Implemented comprehensive database query tracking to identify clients causing
high CPU usage through excessive database queries. The relay now tracks and
displays query statistics per WebSocket connection in the admin UI.
Features Added:
- Track db_queries_executed and db_rows_returned per connection
- Calculate query rate (queries/minute) and row rate (rows/minute)
- Display stats in admin UI grouped by IP address and WebSocket
- Show: IP, Subscriptions, Queries, Rows, Query Rate, Duration
Implementation:
- Added tracking fields to per_session_data structure
- Increment counters in handle_req_message() and handle_count_message()
- Extract stats from pss in query_subscription_details()
- Updated admin UI to display IP address and query metrics
Use Case:
Admins can now identify abusive clients by monitoring:
- High query rates (>50 queries/min indicates polling abuse)
- High row counts (>10K rows/min indicates broad filter abuse)
- Query patterns (high queries + low rows = targeted, high both = crawler)

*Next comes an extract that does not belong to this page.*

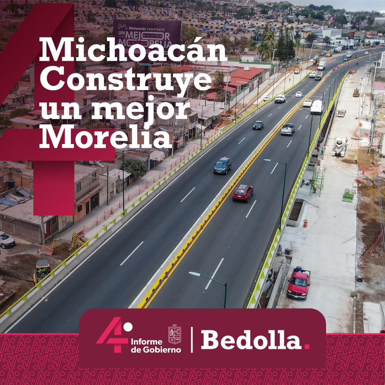 En la capital, Morelia, se construye el segundo anillo periférico de 87.8 kilómetros, un proyecto que triplicará la extensión del actual y busca rodear toda la ciudad. Los trabajos se realizan en tres de sus siete segmentos con una inversión de 2 mil 596 millones de pesos.

This enables informed decisions about which IPs to blacklist based on
actual resource consumption rather than just connection count.

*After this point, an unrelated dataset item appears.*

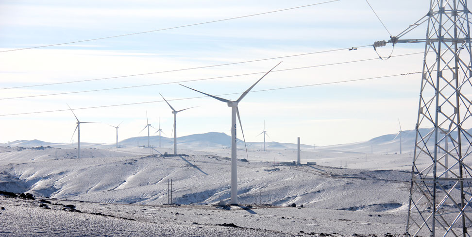 雪中的內蒙古四子王風電場

The kind index was adding subscriptions multiple times when filters contained
duplicate kinds (e.g., 'kinds': [1, 1, 1] or multiple filters with same kind).
This caused:
- Redundant malloc/free operations during add/remove
- Multiple index entries for same subscription+kind pair
- Excessive TRACE logging (7+ removals for single subscription)
- Wasted CPU cycles on duplicate operations
Fix:
- Added bitmap-based deduplication in add_subscription_to_kind_index()
- Uses 8KB bitmap (65536 bits) to track which kinds already added
- Prevents adding same subscription to same kind index multiple times
- Reduces index operations by 3-10x for subscriptions with duplicate kinds
Performance Impact:
- Eliminates redundant malloc/free cycles
- Reduces lock contention on kind index operations
- Decreases log volume significantly
- Should reduce CPU usage by 20-40% under production load
The kind index optimization in v1.1.4 introduced a critical bug that caused
segmentation faults in production. The bug was in add_subscription_to_kind_index()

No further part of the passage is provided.